Don’t save any files in the output folder, except the statistics.

Options for TRIPLEXES

The arguments of the TRIPLEXES can be adjusted by the options below.

Option Name

Type

Default

Description

-l

Integer

20

Define the minimum length of triplex

-e

Integer

20

Set the maximal error-rate in % tolerated

-c

Integer

2

Sets the tolerated number of consecutive errors with respect to the canonical triplex rules as were found to greatly destabilize triplexes in vitro.

-fr

String

off

Activates the filtering of low complexity regions and repeats in the sequence data

-fm

Integer

0

Method to quickly discard non-hits (Default 0).’0′ = greedy approach; ‘1’ = q-gram filtering.

-of

Integer

1

Define output formats of Triplexator

-mf

Boolean

False

Merge overlapping features into a cluster and report the spanning region.

-rm

Boolean

False

Set the multiprocessing

-par

String

False

Define other parameters for TRIPLEXES. Please ignore the first “-” and replace space with underline. For example, when you want to add “-G 80 -g 20”, please do “-par G_80_-g_20”.
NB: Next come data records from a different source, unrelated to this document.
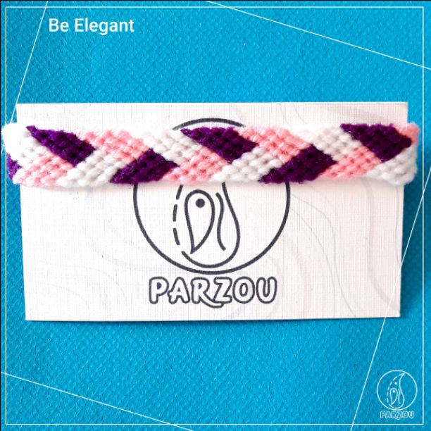 دستبند دوستی سه رنگ صورتی، بنفش و سفید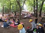 1年生が川間駅南中央公園で、「どんぐりランド秋遊び」を楽しみました。学年全員でまず、「秋の言葉のおとのかずチームづくり」で遊びしまた。「さ・つ・ま・い・も」の合図で5人グループをつくったり、「ど・ん・ぐ・り」の合図で4人グループを作ったりしました。次は、学級ごとに、ネイチャー遊び「どんぐりひろい・あきのビンゴ・あきのはっぱの木づくり」を楽しみました。お昼は、おにぎり弁当。自分でにぎったおにぎりをうれしそうに友達と食べました。
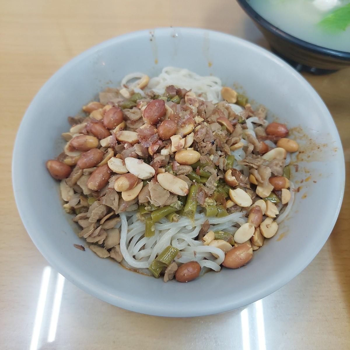 My first impression was that they were sesame noodles with peanuts and cowpeas. The noodles are not the common round oily noodles; they seem to be a type of fine pulled noodles, which have a good chewiness and texture. I don't have a particular preference for sesame noodles, and I find the combination of hard peanuts and sesame sauce quite subtle. Personally, I didn't like it too much, but the sour taste of the cowpeas combined with the spicy sauce from the condiment bar was quite delicious.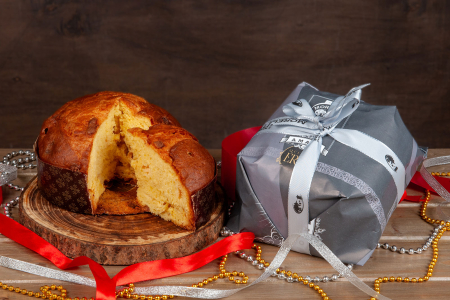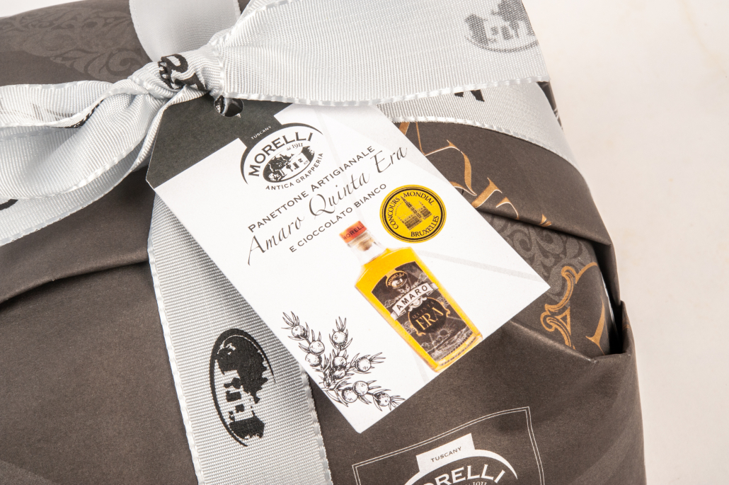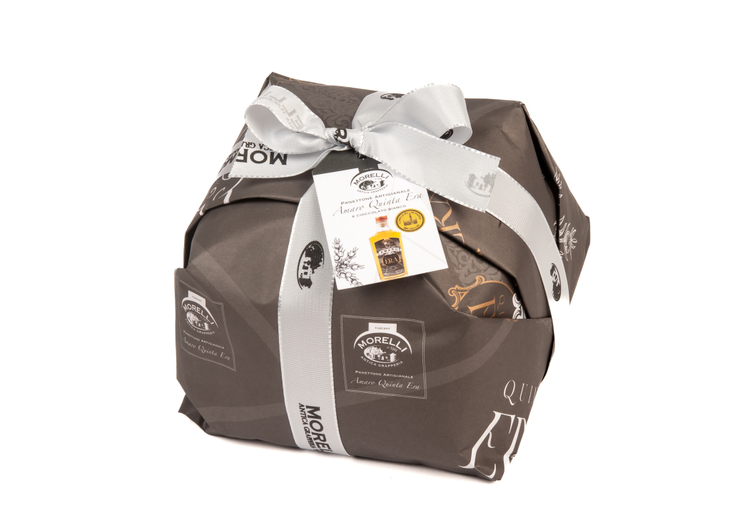 Panettone è realizzato con materie prime di primissima qualità e bagnato con uno sciroppo a base di Amaro Quinta Era, un prodotto che nasce da una base di distillato di gin, posto in infusione con rabarbaro, china, genziana e carciofo. Dal gusto delicato e inconfondibile, il tutto è accompagnato da gocce di cioccolato bianco che ben si equilibrano dando dolcezza al gusto dell’Amaro Quinta Era.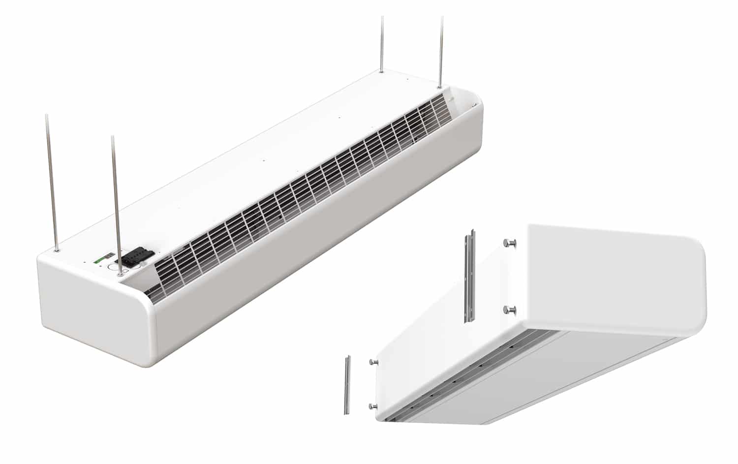 - 2-hastighets støysvak tverrstrømvifter drevet av ytterrotormotor.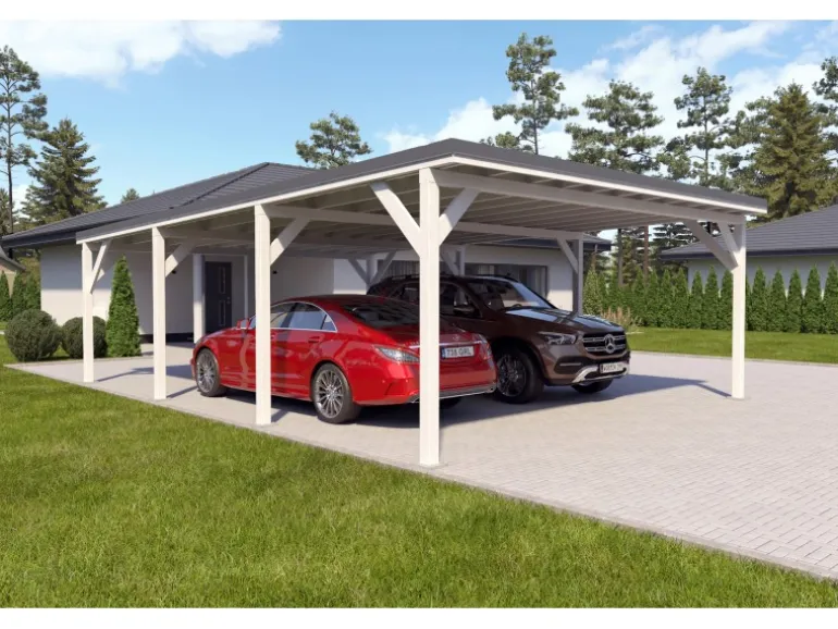 Die Carports von Holzbrüder werden als komplettes Set geliefert. Im Preis ist alles enthalten: hochwertiges nordisches Holz mit Reinweiß-Lackierung, ein dunkelgraues Ruukki-Stahlblechdach, Befestigungsmaterial sowie werkseitig vorgefertigte Bauteile. Sie müssen nichts separat besorgen – einfach bestellen und aufbauen.

Particular Inputs for promoter test

Required Input for promoter test

The target promoters can be defined in two ways:

  • A gene list, which contains gene symbols or Ensembl IDs, one gene per line in plain text format. The argument, -de, should be used;

  • Two BED files containing the regions of target promoters and non-target promoters (background). Two arguments, -bed and -bg, should be used together.

Option Name

Type

Description

-de

PATH

Input file for gene list (gene symbols or Ensembl ID)

-bed

PATH

Input BED file of the promoter regions of genes

-bg

PATH

Input BED file of the promoter regions of background genes

Options for promoter test

Option Name

Type

Default

Description

-pl

Integer

1000

Define the promotor length

-score

Boolean

False

Load score column from input gene list of BED file for analysis.

-scoreh

Boolean

False

Use the header of scores from the given gene list or BED file.

Particular Inputs for region set test

Required Input for region set test

Option Name

Type

Description

-bed

PATH

Input BED file for interesting regions on DNA

Options for region set test

-mp Integer 0Define the number of threads for multiprocessing.

Option Name

Type

Default

Description

-n

Integer

10000

Number iterations (randomization)

-f

PATH

None

Input BED file as mask for randomization

-score

Boolean

False

Load score column from input BED file

get_ttss

Get TTSs of the given RNA sequence with the single BED file.

rgt-TDF get_ttss [options]

Option Name

Type

Default

Description

-h,

–help

show this help message and exit

-i

PATH

Input BED file of the target regions

-tts

PATH

Output BED file of the TTSs

-tfo

PATH

Output BED file of the TFOs

-tfo

PATH

Output BED file of the TFOs

-r

PATH

Input FASTA file of the RNA

-organism

PATH

Define the organism

-l

Integer

20

Triplexes Define the minimum length of triplex

-e

Integer

20

Triplexes Set the maximal error-rate in % tolerated

-c

Integer

2

Triplexes Sets the tolerated number of consecutive errors with respect to the canonical triplex rules as such were found to greatly destabilize triplexes in vitro

-fr

on/off

off

Triplexes Activates the filtering of low complexity regions and repeats in the sequence data

-fm

Integer

0

Triplexes Method to quickly discard non-hits (default: 0).’0′ = greedy approach; ‘1’ = q-gram filtering.

-of

Integer

1

Triplexes Define output formats of Triplexes

-mf

Boolean

False

Triplexes Merge overlapping features into a cluster and report the spanning region.

-rm

Integer

1

Triplexes Set the multiprocessing

integrate

Integrate the project’s links and generate project-level statistics.

rgt-TDF integrate [options]

Option Name

Type

Default

Description

-h, –help

show this help message and exit

-path

PATH

Define the path of the project.

-exp

PATH

Include expression score for ranking.